Source data Block Start

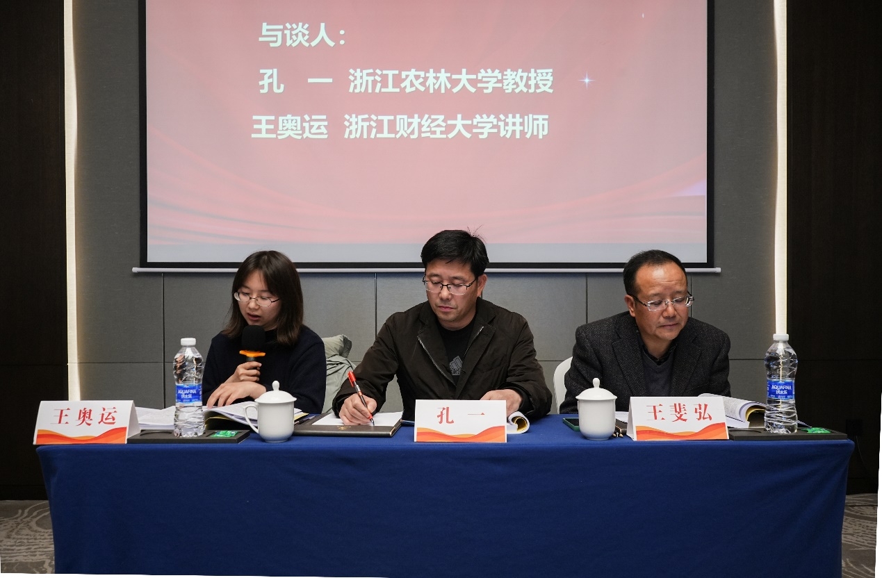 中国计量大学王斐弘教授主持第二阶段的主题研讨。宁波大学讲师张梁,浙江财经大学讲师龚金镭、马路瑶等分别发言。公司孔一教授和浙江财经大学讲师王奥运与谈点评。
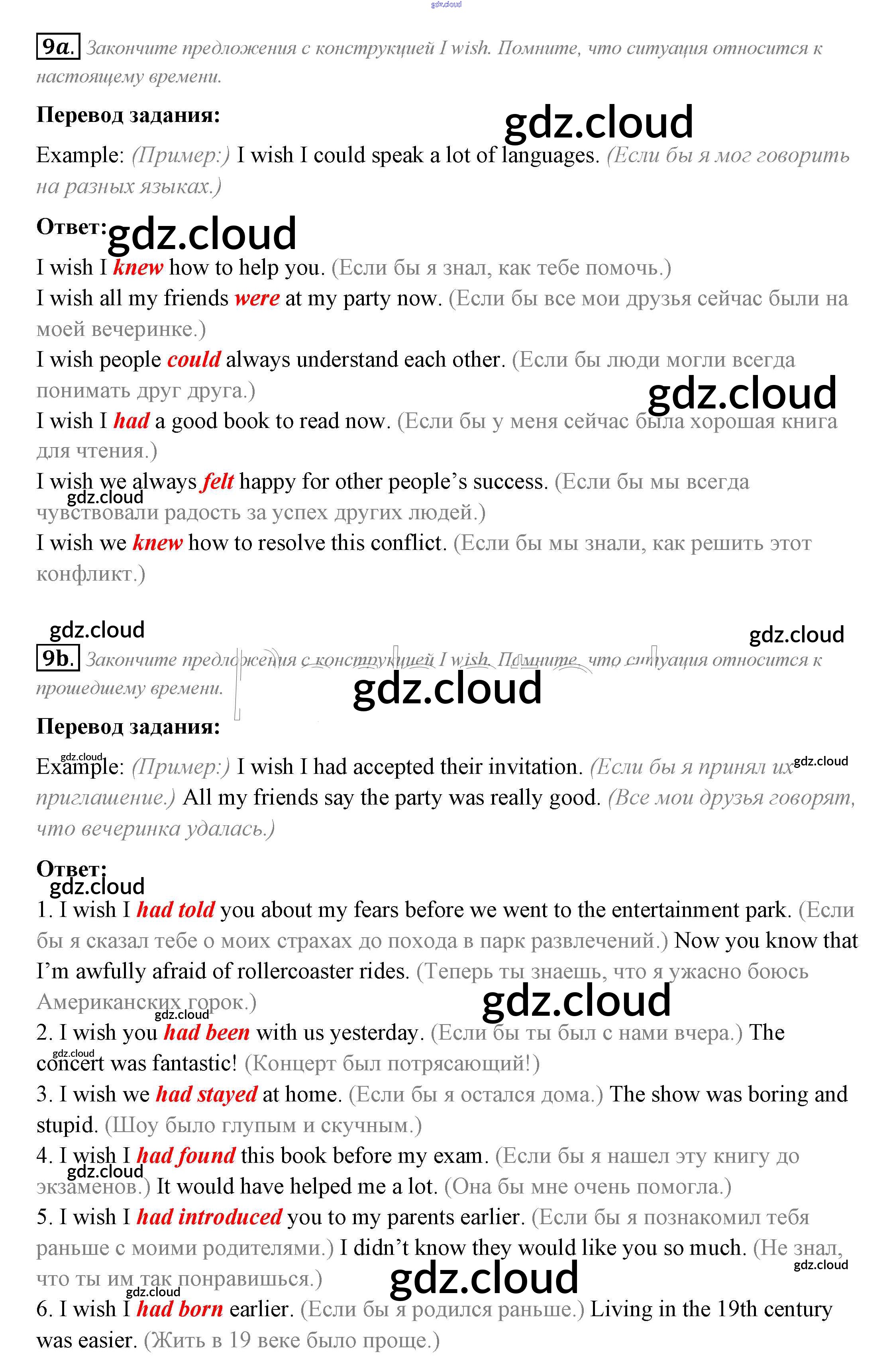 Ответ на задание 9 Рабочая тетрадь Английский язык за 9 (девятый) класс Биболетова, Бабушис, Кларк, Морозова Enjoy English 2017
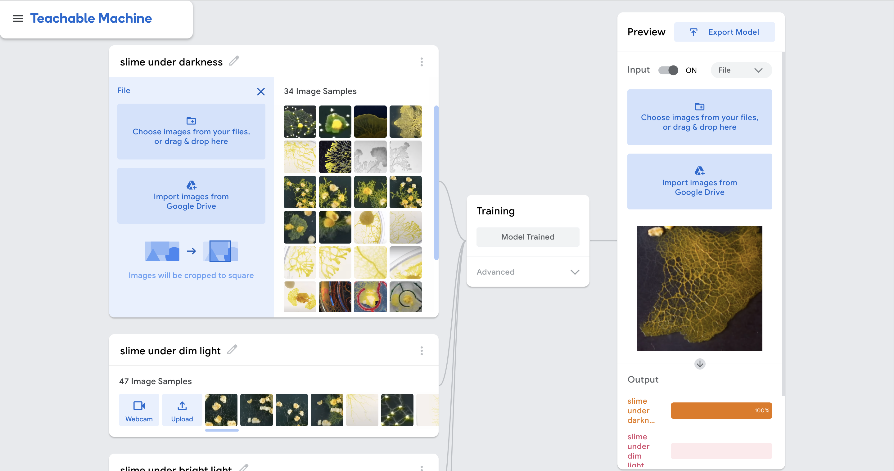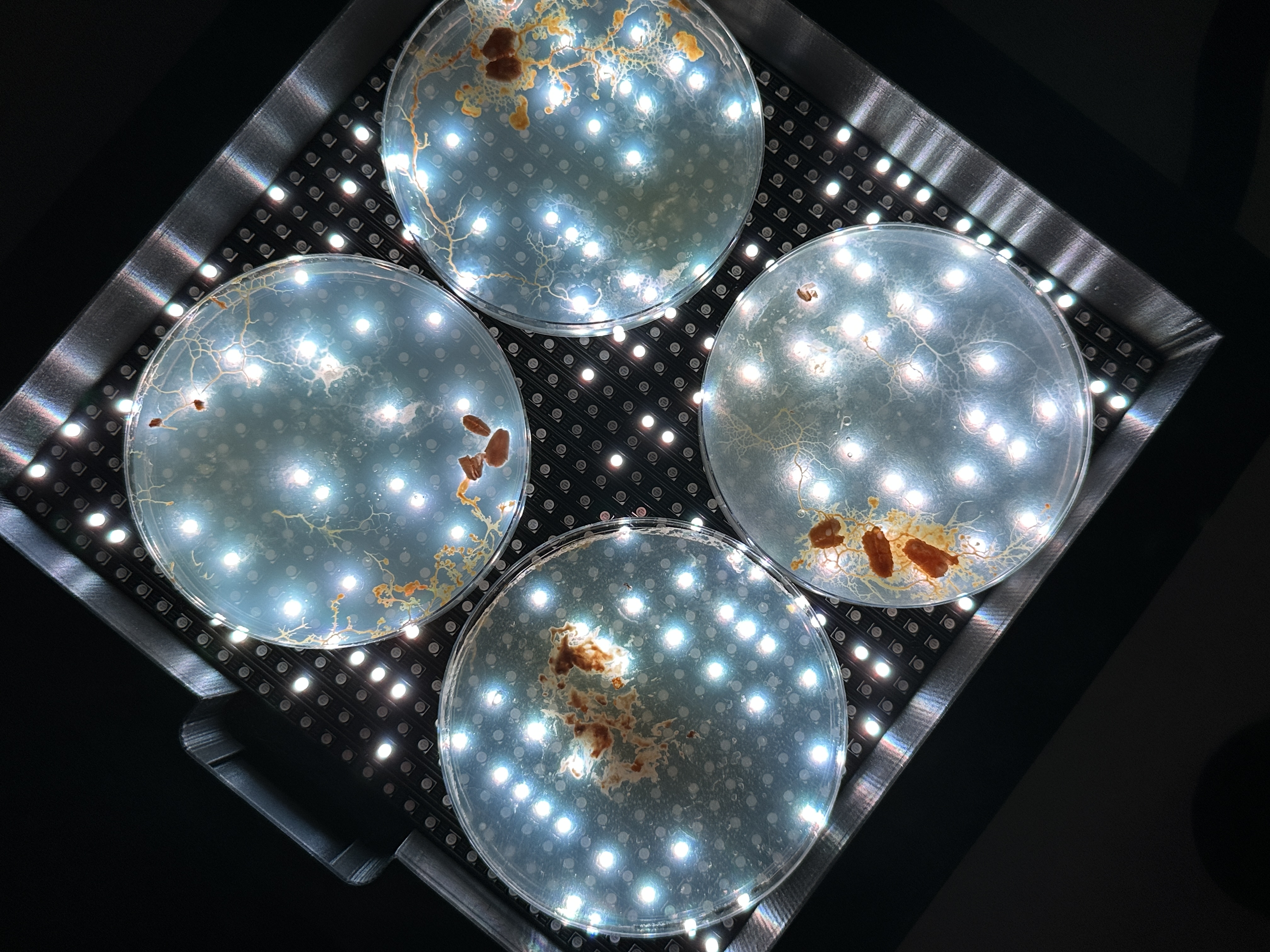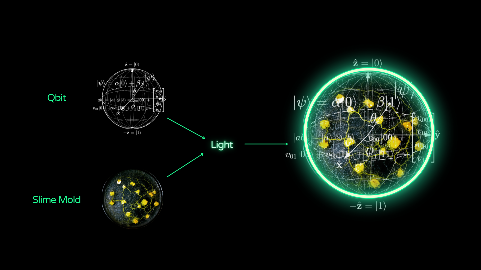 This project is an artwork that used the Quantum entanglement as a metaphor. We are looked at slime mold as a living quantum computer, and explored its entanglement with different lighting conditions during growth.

Source data Block End

#### Exercise brief
Without changing a word, retype the data above and omit its pictures.

#### Exercise answer
 中国计量大学王斐弘教授主持第二阶段的主题研讨。宁波大学讲师张梁,浙江财经大学讲师龚金镭、马路瑶等分别发言。公司孔一教授和浙江财经大学讲师王奥运与谈点评。
 Ответ на задание 9 Рабочая тетрадь Английский язык за 9 (девятый) класс Биболетова, Бабушис, Кларк, Морозова Enjoy English 2017
 This project is an artwork that used the Quantum entanglement as a metaphor. We are looked at slime mold as a living quantum computer, and explored its entanglement with different lighting conditions during growth.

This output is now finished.